Exercise data

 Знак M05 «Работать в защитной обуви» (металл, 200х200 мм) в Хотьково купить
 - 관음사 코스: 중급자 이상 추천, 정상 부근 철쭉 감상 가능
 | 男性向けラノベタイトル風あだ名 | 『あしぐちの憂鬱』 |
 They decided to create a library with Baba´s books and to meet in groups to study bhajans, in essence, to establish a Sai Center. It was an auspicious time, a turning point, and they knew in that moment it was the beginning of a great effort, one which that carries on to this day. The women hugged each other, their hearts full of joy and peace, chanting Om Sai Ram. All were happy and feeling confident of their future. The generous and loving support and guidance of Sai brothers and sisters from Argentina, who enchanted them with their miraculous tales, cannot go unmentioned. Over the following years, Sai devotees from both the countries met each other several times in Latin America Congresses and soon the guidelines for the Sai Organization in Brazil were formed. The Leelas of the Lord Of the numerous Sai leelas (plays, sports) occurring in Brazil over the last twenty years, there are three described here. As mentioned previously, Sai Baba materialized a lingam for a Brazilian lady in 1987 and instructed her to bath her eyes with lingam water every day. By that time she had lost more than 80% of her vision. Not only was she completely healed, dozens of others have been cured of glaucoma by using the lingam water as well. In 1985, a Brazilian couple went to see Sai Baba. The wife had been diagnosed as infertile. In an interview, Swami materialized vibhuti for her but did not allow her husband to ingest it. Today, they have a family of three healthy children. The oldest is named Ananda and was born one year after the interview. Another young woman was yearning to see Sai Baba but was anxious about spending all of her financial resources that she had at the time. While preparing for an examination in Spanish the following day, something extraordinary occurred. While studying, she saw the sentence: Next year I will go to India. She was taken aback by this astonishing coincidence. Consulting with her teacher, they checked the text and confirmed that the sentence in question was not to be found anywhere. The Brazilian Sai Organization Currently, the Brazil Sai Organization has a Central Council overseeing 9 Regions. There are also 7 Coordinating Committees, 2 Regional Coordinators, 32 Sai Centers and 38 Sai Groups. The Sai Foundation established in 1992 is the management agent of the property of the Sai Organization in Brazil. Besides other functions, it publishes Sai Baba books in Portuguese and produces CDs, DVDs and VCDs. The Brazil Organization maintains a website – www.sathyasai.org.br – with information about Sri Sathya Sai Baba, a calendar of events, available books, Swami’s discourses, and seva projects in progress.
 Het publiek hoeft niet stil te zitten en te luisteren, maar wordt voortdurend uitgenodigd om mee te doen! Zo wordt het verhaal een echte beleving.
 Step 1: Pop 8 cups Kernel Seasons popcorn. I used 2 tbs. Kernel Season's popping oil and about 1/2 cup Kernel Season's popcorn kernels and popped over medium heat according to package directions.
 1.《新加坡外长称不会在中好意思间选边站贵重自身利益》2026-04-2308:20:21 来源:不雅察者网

--

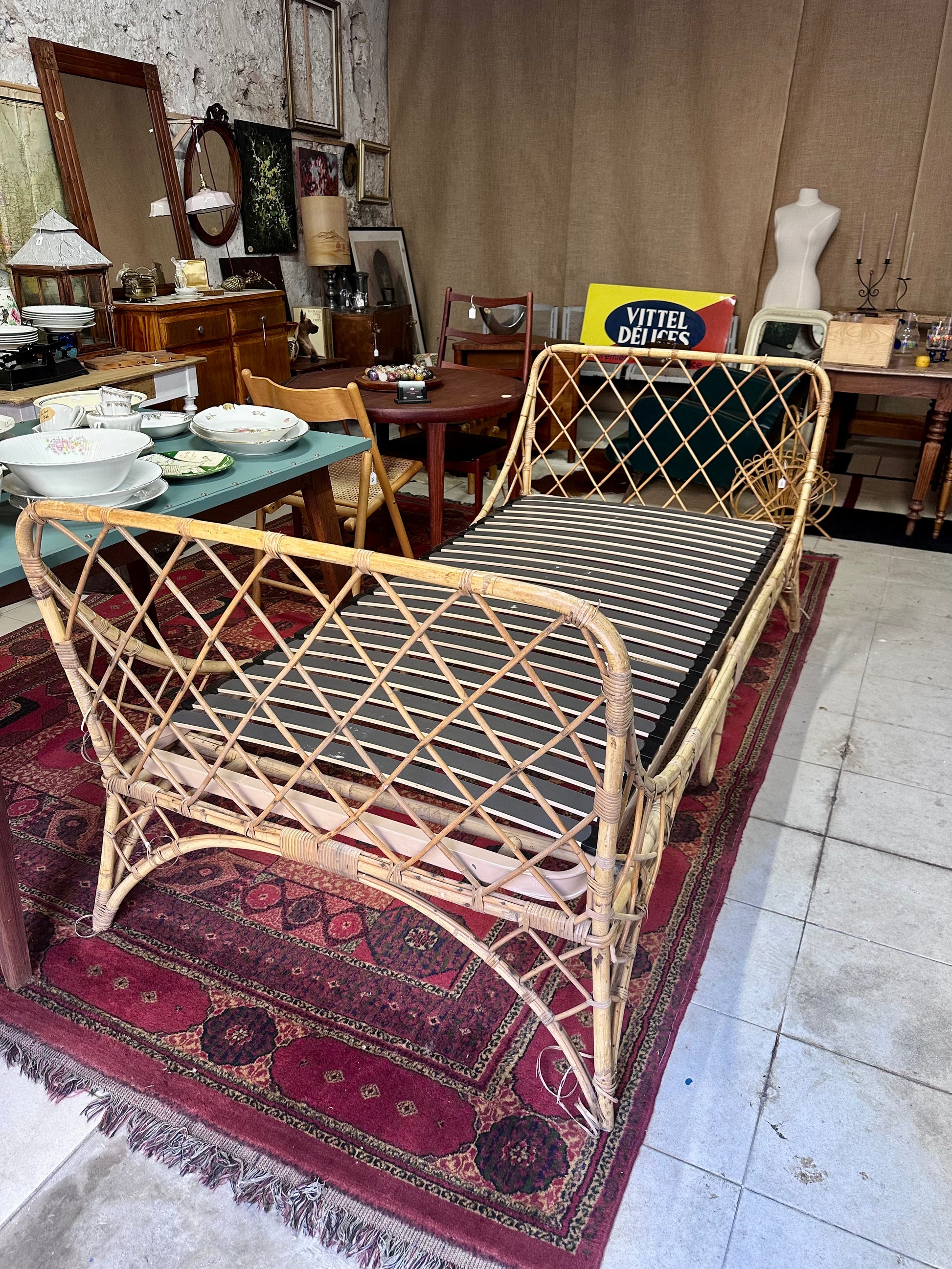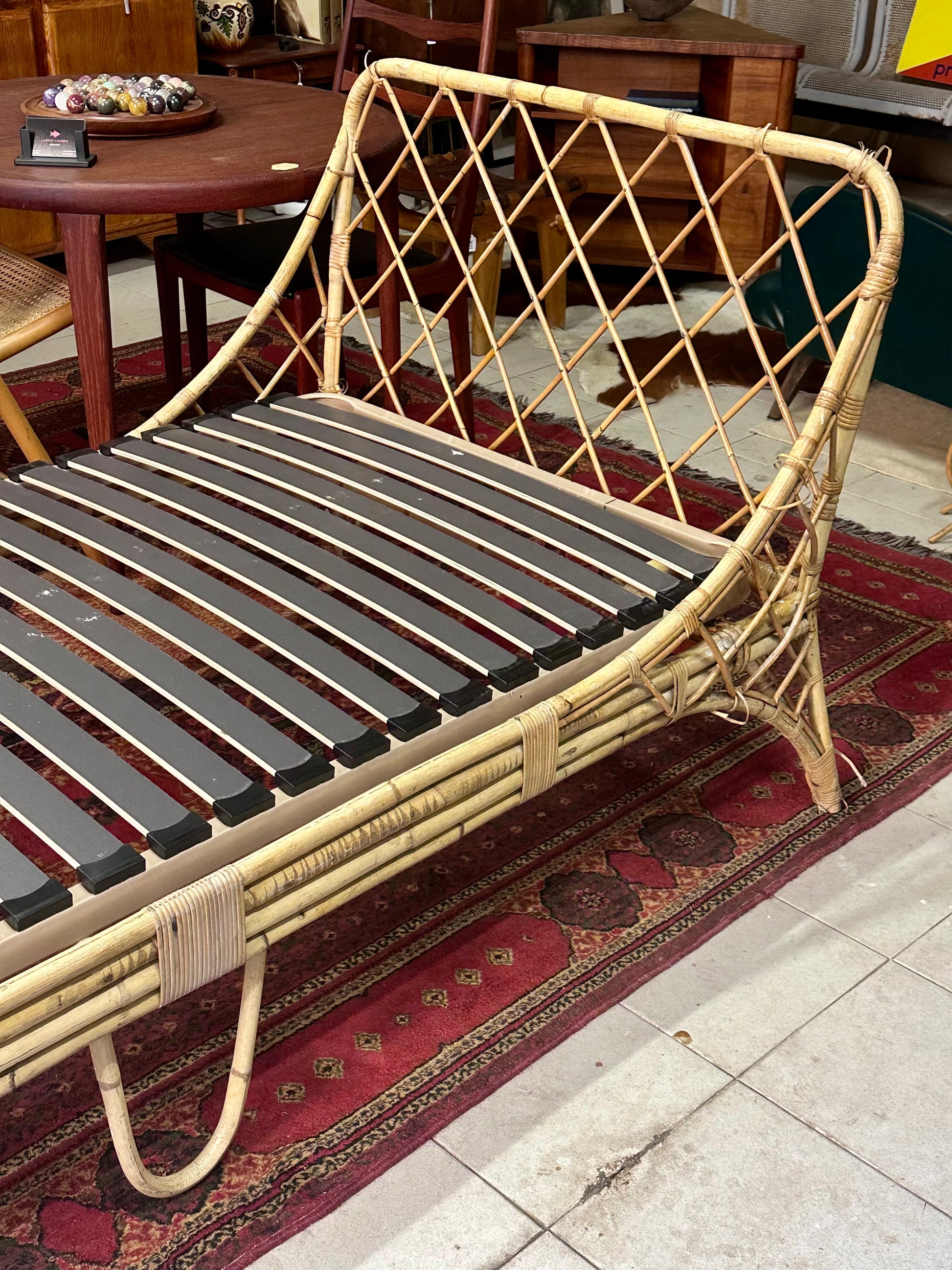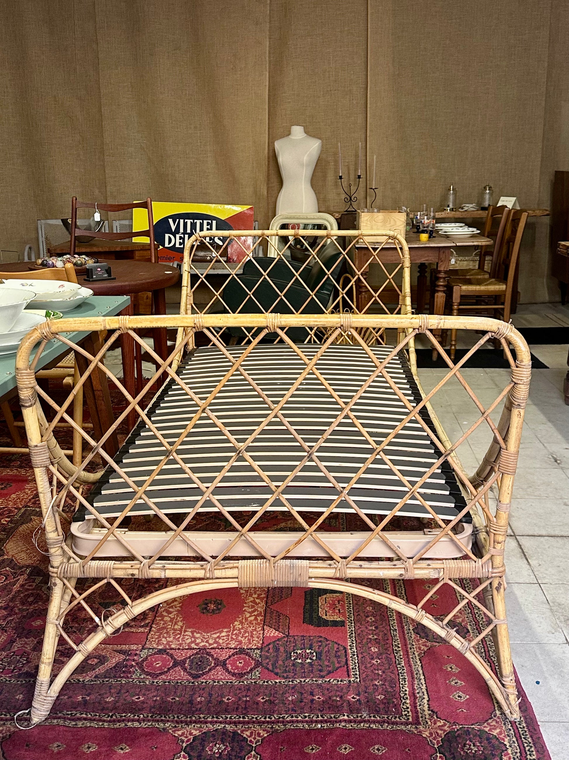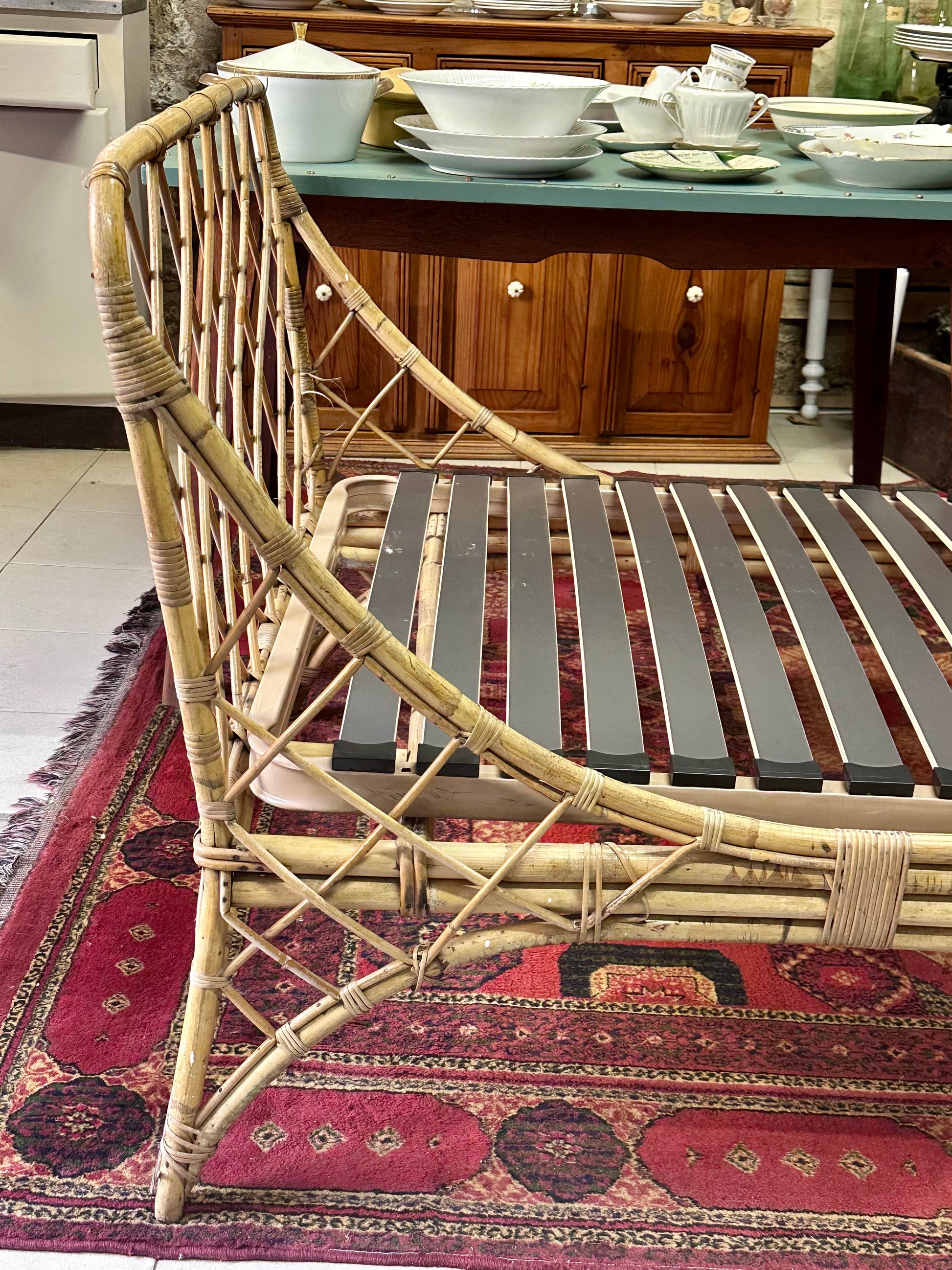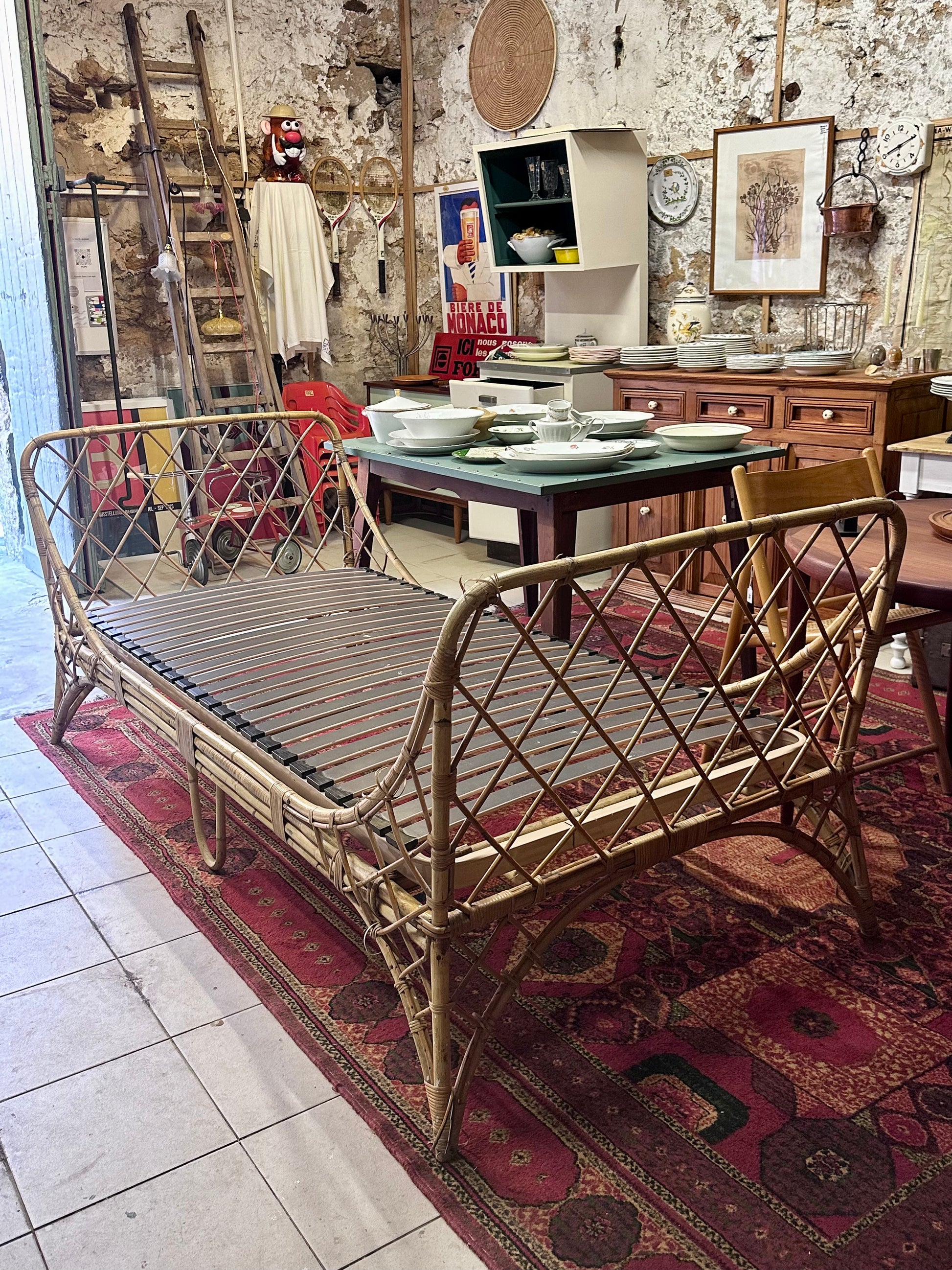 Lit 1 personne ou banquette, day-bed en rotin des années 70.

Work task
Exactly the lines above from the one with "в Хотьково купить" to the one with "男性向けラノベタイトル風あだ名 | 『あしぐちの憂鬱』 |", both included, are to be quoted; leave the rest out.

Solution
 Знак M05 «Работать в защитной обуви» (металл, 200х200 мм) в Хотьково купить
 - 관음사 코스: 중급자 이상 추천, 정상 부근 철쭉 감상 가능
 | 男性向けラノベタイトル風あだ名 | 『あしぐちの憂鬱』 |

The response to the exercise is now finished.